Monday, June 26, 2006

That 'F' Word



Shimokitazawa, Tokyo.

Comments:
Graffiti, in English, in Tokyo. This certainly conveys a message, which is amplified by the woman on the phone. I think the composition has been well thought out but I would trim off the bicycle wheel on the right. This would then simplify the objects in the picture.
 

Yes, trimming out the bike or, perhaps, cloning it out (to keep width) is something I would be tempted to do. It doesn't surprise me that there is English Graffiti here and I'm guessing that this phrase is also available on a number of T-Shirts in the shops.

Bright highlights again, which I am comfortable with here and clean streets. I find this whole street photography thing difficult to imagine. Big crowds, yes, but this is far more personal. Didn't the woman give you a funny look?
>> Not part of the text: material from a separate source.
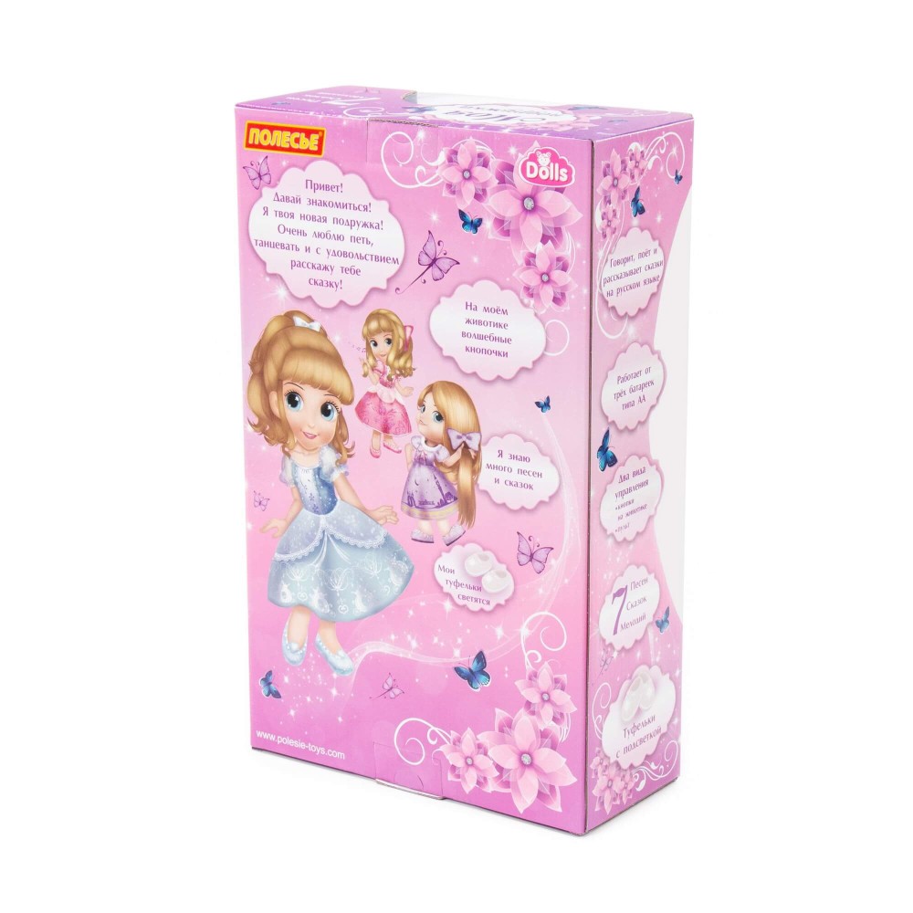 Кукла "Арина" (37 см) на прогулке (в коробке) умеет: говорить и петь на русском языке, повторять слова, рассказывать сказки, ходить, танцевать и слушать музыку. Кроме того, туфельки "подружки" имеют подсветку. Кукла знает 7 сказок: «Колобок», «Репка», «Курочка Ряба», «Лисичка-сестричка», «Теремок», «Коза-дереза», «Лиса и журавль». Кукла исполняет 7 песен:

I must try to stop feeling embarrased about doing such photography. What a wimp I am.
 
Oddly perhaps, the word which sprang to my mind was 'purity'. Something to do with the tones, and, grafiti notwithstanding, the cleanliness.

I think the wheel is necessary for this shot (in the context of art or street photography). Without it the photo would look a bit like a ad, or a piece of political imagery. Nobody setting up the shot would leave the wheel in, whereas the second figure is just too perfectly placed...... The fact that the wheel is spot-lit is just great.

It isn't a photo that I would have taken. I think that I would have thought that the grafiti was too obvious. However, you have lifted this beyond the obvious. So that is either three cheers to the wardrobe department or well done to the photographer :-)

Johnjo: I've just bought a view camera. If you think street photography is embarrasing you ought to try the rug over the head style. I've yet to venture out of the garden.
 
I am amused by the fact that the graffiti artist was probably unaware that an English person can read those words more than one way.

Like the sign that says Red Squirrels drive slowly!

It is a clean image, simple words, simple composition and I like the fact she is on the phone, another communication going on. The chap walking away is a counterpoise for the line of the kerb and the girl.

I too would find it hard to take a picture like this, I am shy!

Colin, I look forward to seeing your first view camera posting! I went to a lecture by Joe Cornish and came a way impressed and went on to look up the costs of view cameras. Joe said he never took a picture with a shutter speed of faster than an 1/8th.
 
I do like your high tones (repeating myself!). An ubiquitous Anglo-Saxon word that makes one feel quite at home . If you waited for this then you struck the right moment with the girl seemingly absorbed enough not to notice the graffiti; but then she probably sees it every day. I like the odd bits on the righthand side: they save the picture from being too smooth and add just the right amount of context. Who's controlling who?!
 
I can't tell this is Tokyo from the context, so the English graffiti doesn't seem out of place, although I'm not sure that the success or failure of the picture hinges on that point.

There's a lot of geometry at work here, but I'm not sure it adds up in the end. I like how the line of graffiti leads us into the walking woman, but the all the entaglements on the right subtract from the power of an otherwise clean frame. I think you'd have a more powerful photograph if all we saw was the graffiti, the white wall and the woman. Perhaps that would be too obvious though.